The first attempt to tune GC was setting -XX:MaxGCPauseMillis=400 -XX:NewRatio=2:

./jdk/bin/java -Xms31232m -Xmx31232m -XX:MaxGCPauseMillis=400 -XX:NewRatio=2 -XX:+UseG1GC -XX:G1ReservePercent=25 -XX:InitiatingHeapOccupancyPercent=30 -XX:+PrintFlagsFinal -version | grep -iE "( NewSize | MaxNewSize | OldSize | NewRatio | ParallelGCThreads | MaxGCPauseMillis | ConcGCThreads | G1HeapRegionSize ) "
     uint ConcGCThreads                            = 3                                         {product} {ergonomic}
   size_t G1HeapRegionSize                         = 16777216                                  {product} {ergonomic}
    uintx MaxGCPauseMillis                         = 400                                       {product} {command line}
   size_t MaxNewSize                               = 10905190400                               {product} {ergonomic}
    uintx NewRatio                                 = 2                                         {product} {command line}
   size_t NewSize                                  = 1363144                                   {product} {default}
   size_t OldSize                                  = 5452592                                   {product} {default}
     uint ParallelGCThreads                        = 13                                        {product} {default}

It made our heap to be always at the peak and the old GC to be much more frequent, probably because setting NewRatio=2 made the young pool memory to be reduced (which was a surprise to us, we expected it to increase). As a consequence, lots of circuit breakers and GC overhead logs.

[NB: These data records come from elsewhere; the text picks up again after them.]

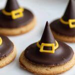 Witches’ Hats are a fun and spooky Halloween treat made with fudge stripe cookies topped with milk chocolate candy kisses. Perfect for parties or as a festive snack!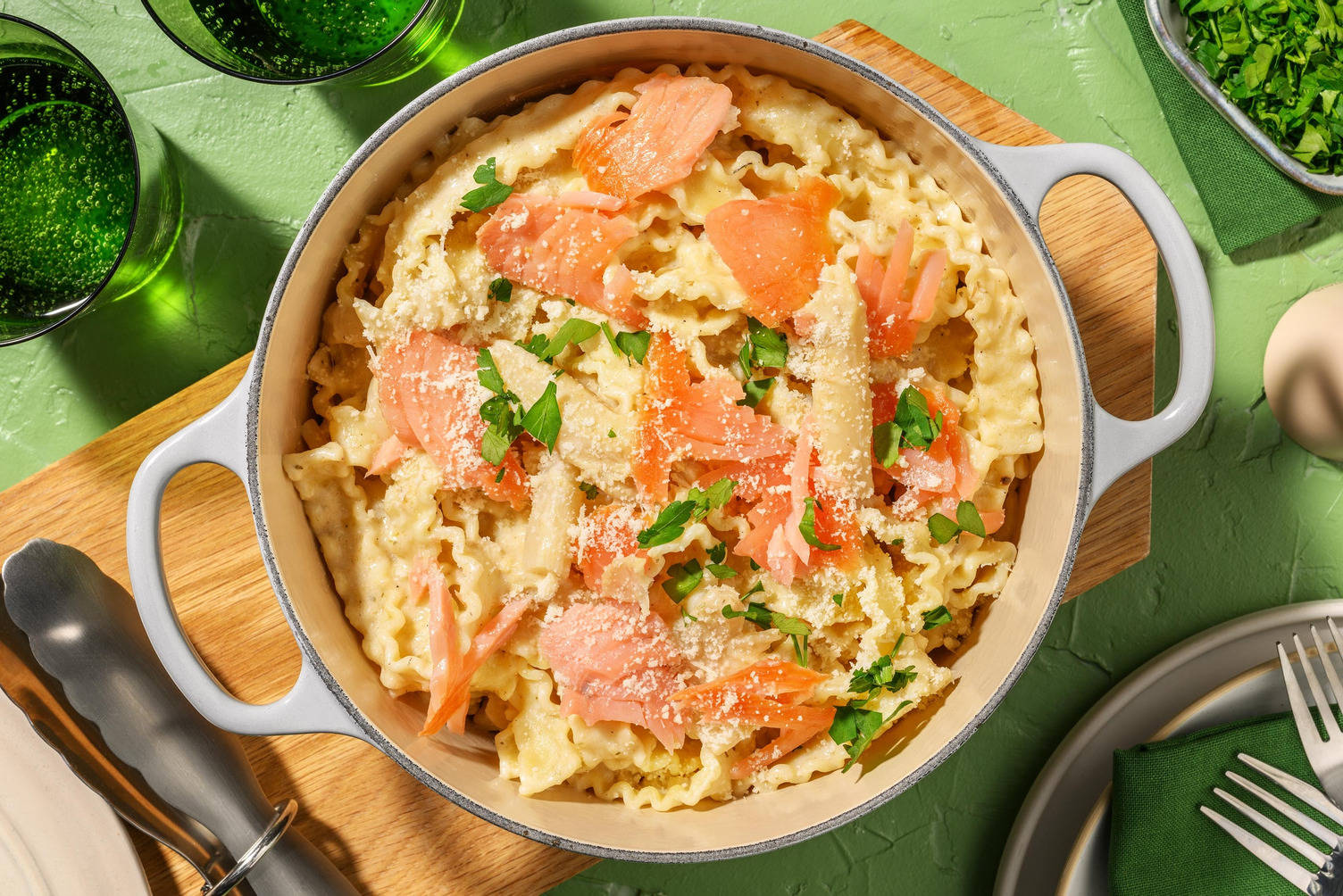 Pour les asperges, portez à ébullition 1 litre d’eau par personne dans la grande casserole. Dans l’autre casserole, portez à ébullition 400 ml d’eau par personne pour les pommes de terre.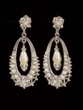 Description: 2" long post earrings of oval filigree trimmed with pearl chain and a center hanging teardrop pearl. White or Ivory pearl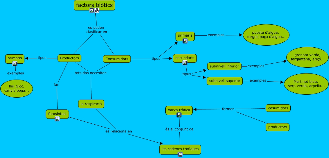 Este mapa conceptual tiene información relacionada a: factors biòtics, secundaris tipus subnivell superior, Productors fan fotosíntesi, cosumidors formen xarxa tròfica, Productors tipus primaris, fotosíntesi es relaciona en les cadenes tròfiques, productors formen xarxa tròfica, subnivell superior exemples Martinet blau, serp verda, arpella..., xarxa tròfica és el conjunt de les cadenes tròfiques, factors biòtics es poden clasificar en Productors, factors biòtics es poden clasificar en Consumidors, la respiració es relaciona en les cadenes tròfiques, Consumidors tots dos necesiten la respiració, subnivell inferior exemples granota verda, sargantana, eriçó..., primaris exemples lliri groc, canyís,boga..., Productors tots dos necesiten la respiració, Consumidors tipus primaris, primaris exemples puceta d'aigua, cargolí,puça d'aigua..., secundaris tipus subnivell inferior, Consumidors tipus secundaris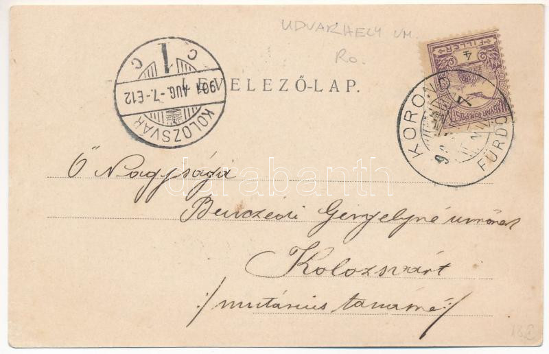 1901 Korond, Corund; Üdvözlet Korond-gyógyfürdőről! A Magyar Gleichenb... https://www.darabanth.com/de/451-Fernauktion/451.0/Ansichtskarten/Siebenburgen~2000005/1901-Korond-Corund-Udvozlet-Korond-gyogyfurdorol-A-Magyar-Gleichenberg-Gaspar-Gyula-kiad~II2998950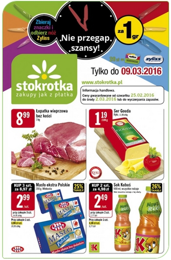 Nowa gazetka promocyjna sieci handlowej Stokrotka. Polecane promocje z gazetki Stokrotka: Łopatka wieprzowa bez kości 1 kg - 8,99 zł. Ser Gouda 100 g - 1,19 zł. Sok Kubuś 2x900 ml - 4,98 zł. Oferta ważna od…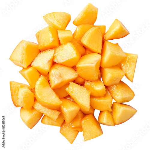 A pile of diced peaches isolated on white background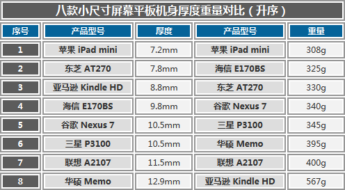 可以被称作全球最具便携性的小尺寸平板电脑,苹果iPad mini平板电脑拥有一骑绝尘的7.2mm机身厚度以及308g的单机重量,不仅刷新了iPad系列平板电脑在这两方面的记录,同时也刷新了平板电脑机身厚度的记录。数据方面,iPad mini比新iPad薄23%,轻53%,厚度与第四代iPod Touch相同。所以当iPad mini真正被放在手掌上时,外观上像缩小版的iPad 2,而在手感方面则像放大版的第五代iPod Touch了。

Then we decided to let the JVM define the young pool size ergonomically, so we manually set only XX:MaxGCPauseMillis=400.

./jdk/bin/java -Xms31232m -Xmx31232m -XX:MaxGCPauseMillis=400 -XX:+UseG1GC -XX:G1ReservePercent=25 -XX:InitiatingHeapOccupancyPercent=30 -XX:+PrintFlagsFinal -version | grep -iE "( NewSize | MaxNewSize | OldSize | NewRatio | ParallelGCThreads | MaxGCPauseMillis | ConcGCThreads | G1HeapRegionSize ) "
     uint ConcGCThreads                            = 3                                         {product} {ergonomic}
   size_t G1HeapRegionSize                         = 16777216                                  {product} {ergonomic}
    uintx MaxGCPauseMillis                         = 400                                       {product} {command line}
   size_t MaxNewSize                               = 19646119936                               {product} {ergonomic}
    uintx NewRatio                                 = 2                                         {product} {default}
   size_t NewSize                                  = 1363144                                   {product} {default}
   size_t OldSize                                  = 5452592                                   {product} {default}
     uint ParallelGCThreads                        = 13                                        {product} {default}

The idea was to reduce the frequency of GCs and make them more efficient. It solved the old GC collection frequency issue, but the young GC started to be very high again. As consequence, again, lots of CBs and GC overhead.

Can someone suspect of anything else? Is there any other GC setting to take into consideration?

Thanks in advance.

system · February 3, 2023, 3:17pm

Elasticsearch 7.10 is EOL and no longer supported. Please upgrade ASAP.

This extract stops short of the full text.